Improving outcomes means ensuring that care-experienced young people can access treatments that are supported by strong evidence, including trauma-focused CBT. This requires joined-up working across social care, mental health services, commissioners and the wider workforce.
With earlier identification, better access to evidence-based interventions and more coordinated systems of care, care-experienced children can receive the support they need to recover and thrive.
To learn more about the latest evidence on childhood trauma and effective interventions that can support your practice, check out Trauma: Evidence, Practice, and Implementation Challenges.
References
- McGuire, R., Meiser-Stedman, R., Smith, P., Halligan, S. L., Lobo, S., Fearon, P., & Hiller, R. M. (2025). Access to best-evidenced mental health support for care-experienced young people: Learnings from the implementation of cognitive therapy for PTSD. British Journal of Clinical Psychology, 64(1), 63–85.
- Ford, T., Vostanis, P., Meltzer, H., & Goodman, R. (2007). Psychiatric disorder among British children looked after by local authorities: Comparison with children living in private households. British Journal of Psychiatry, 190(4), 319–325.

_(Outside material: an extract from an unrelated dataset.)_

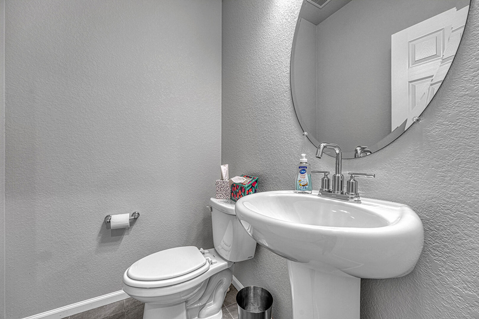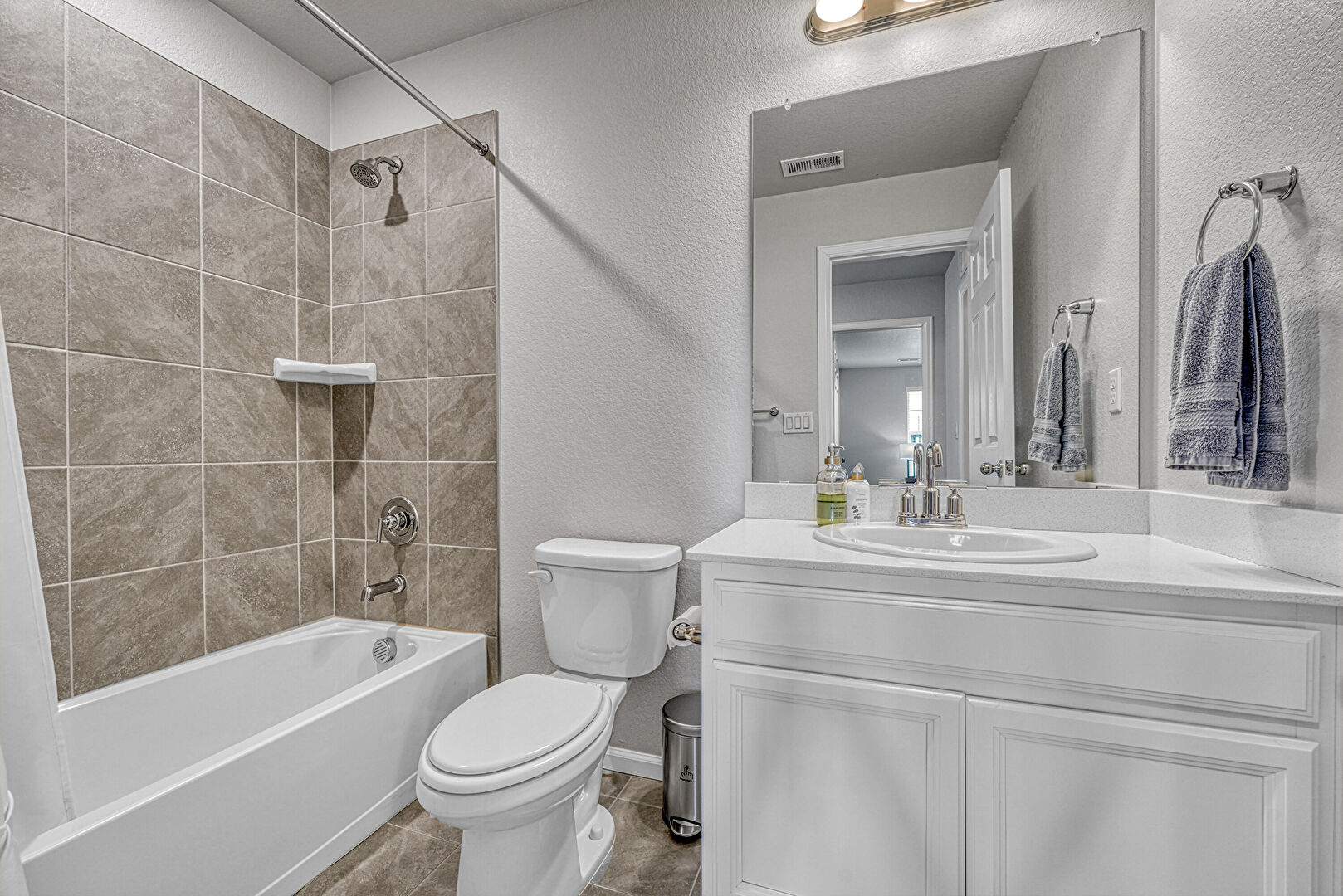 Baseboards Wall, Combined Bath Shower, Full Bathroom, Textured Wall, Tile Floor, Vanity, Vent, Baseboards Wall, Half Bathroom

- Tarren-Sweeney, M. (2018). The mental health of children in out-of-home care. Current Opinion in Psychology, 15, 53–58.
- Morina, N., Koerssen, R., & Pollet, T. V. (2021). Interventions for children and adolescents with posttraumatic stress disorder: A meta-analysis of comparative outcome studies. Clinical Psychology Review, 88, 102047.
- Cohen, J. A., Mannarino, A. P., & Deblinger, E. (2017). Treating trauma and traumatic grief in children and adolescents (2nd ed.). Guilford Press.
- Lewis, S. J., Arseneault, L., Caspi, A., Fisher, H. L., Matthews, T., Moffitt, T. E., Odgers, C. L., Stahl, D., Teng, J. Y., & Danese, A. (2019). The epidemiology of trauma and post-traumatic stress disorder in a representative cohort of young people in England and Wales. Lancet Psychiatry, 6(3), 247–256.